The new MMI terminal
In addition to the voice-activated control system, the MMI terminal also controls the numerous infotainment functions in the new Audi A3. Engineers designed a new interface from the ground up, giving special consideration to the slim center tunnel console in this compact Audi model.

The key component here is a brand-new part which combines a touchpad with a rotary pushbutton. The pushbutton has a cap with a touch-sensitive surface that lets users enter characters by finger movement. The handwriting recognition system is of the highest quality; the large touchwheel moves with high precision and clicks precisely into place. The pad is surrounded and illuminated by an LED and a light guide.

Two rocker switches in front of the touchwheel directly operate the most important areas of Telephone/Navigation and Media/Radio, while a Menu key and a Back key complete the key set. The four softkeys for navigating through the menus are also chrome-plated, as are the two rocker switches that are used for direct operations. A volume control knob, which can be used to skip tracks, complements the MMI user terminal in the new Audi A3.

Audi has completely revised not only the operation, but also the structure and many details of menus. In the media area, for instance, the player and media center are clearly separated; song titles, albums and artists can be located directly via free text search. The POI search in the navigation system has been simplified; traffic information can be called up via the map. Audi connect services are now portrayed in a designated menu. The CAR menu allows the driver to operate Audi drive select, and many telephone functions have been enhanced.

The new monitor
In the new Audi A3, images are displayed on a 7-inch screen. Thanks to its very high contrast and resolution of 800 x 480 pixels, it delivers brilliant, very sharp 3D graphics; highly efficient LEDs supply its backlighting.

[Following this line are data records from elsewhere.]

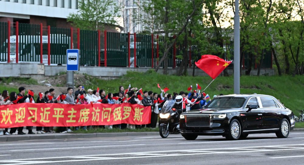 习近平乘车从机场赴下榻饭店途中,当地民众以及中资企业和留学生代表聚集在道路两旁,手持“热烈欢迎习近平主席访问俄罗斯”等红色横幅,挥舞中俄两国国旗,热烈欢迎习近平到访。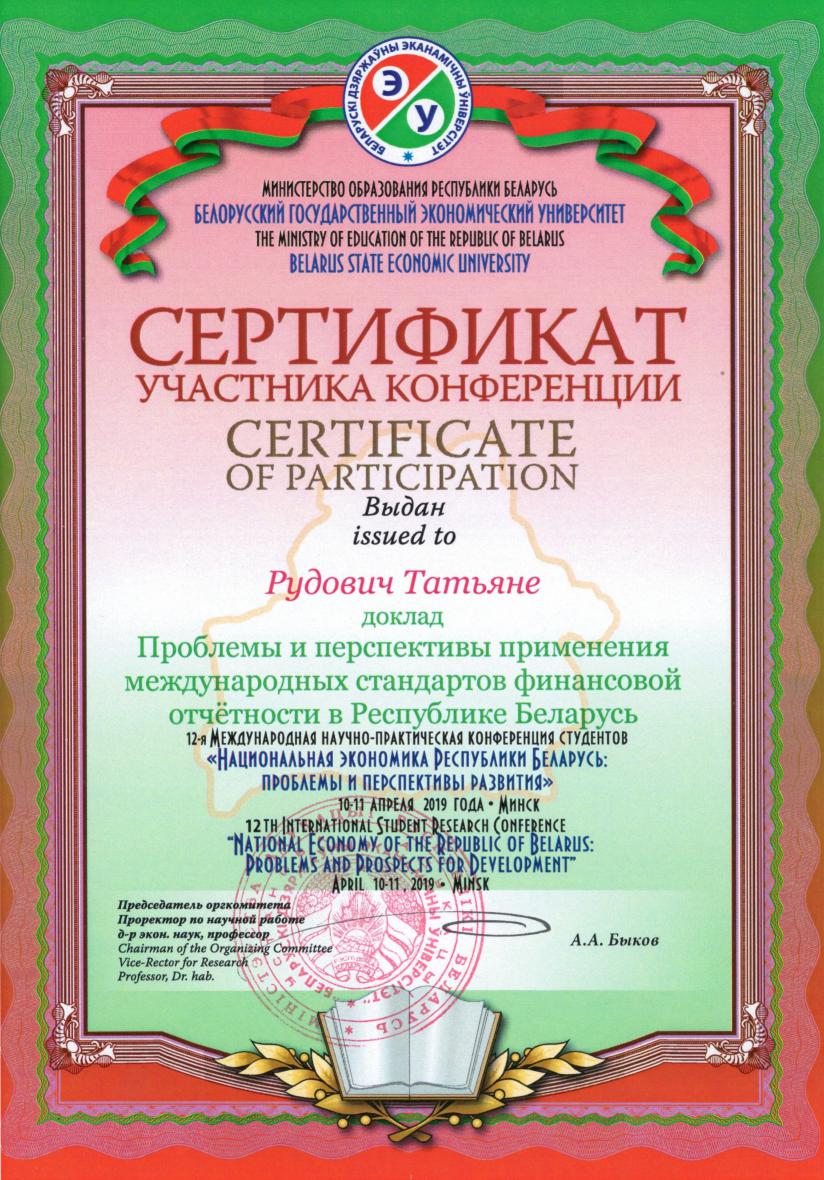 - Рудович Татьяна Витальевна, группа УП-31 - «Проблемы и перспективы применения МСФО в Республике Беларусь».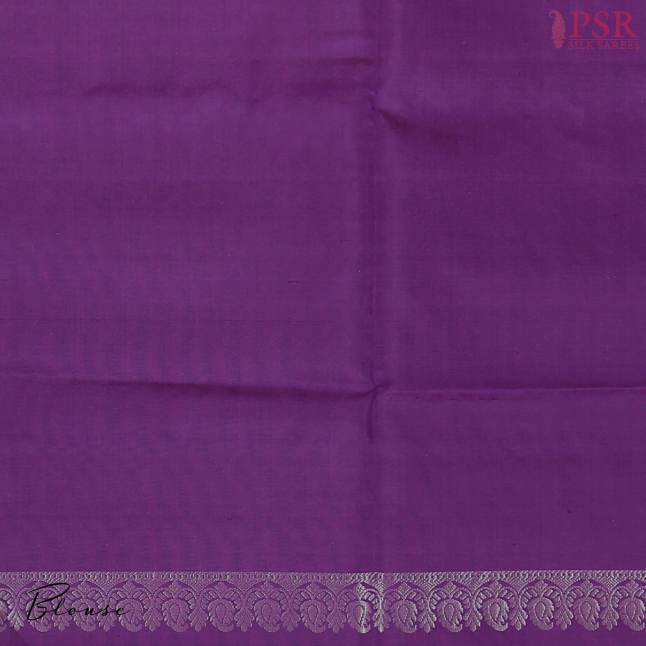 Make a striking statement with this luxurious Parakeet Green Soft Silk Saree from PSR Silks, beautifully paired with a vibrant Dark Magenta Purple pallu. This elegant plain border saree features an intricate silver zari quatrefoil jacquard pattern, offering a contemporary twist to traditional design. The contrasting pallu, adorned with rich silver zari work, adds an extra layer of sophistication. Complete the look with the sleek plain Dark Magenta Purple blouse, perfect for special occasions and festivities.

The display extends electrically and elegantly from the instrument panel, and is slightly angled towards the driver. It is a mere 11 millimeters thick – similar to a smartphone. Its layer of glass is united directly with the surface of the TFT screen by means of a special lamination process. There is no air between the two components, which enhances visual output. The coated housing is made of ultra-light magnesium, which saves about 50 grams in weight. High-gloss and chrome accents lend it an elegant touch.

Audi Phone Box
Another option available in the new Audi A3 is the Audi Phone Box, which perfectly links cell phones of any type with the vehicle. Its key component is a universal planar antenna, which is integrated in the center armrest’s phone storage tray.

The telephone utilizes near-field coupling to communicate with the flat planar antenna, which routes signals via an amplifier to the vehicle antenna. The power supply for the cell phone runs via a USB port in the Audi Phone Box. For the medium term, Audi is working on a solution for contactless charging of cell phones.

The equipment, data, and prices specified in this document refer to the model range offered in Germany. Subject to change without notice; errors and omissions excepted.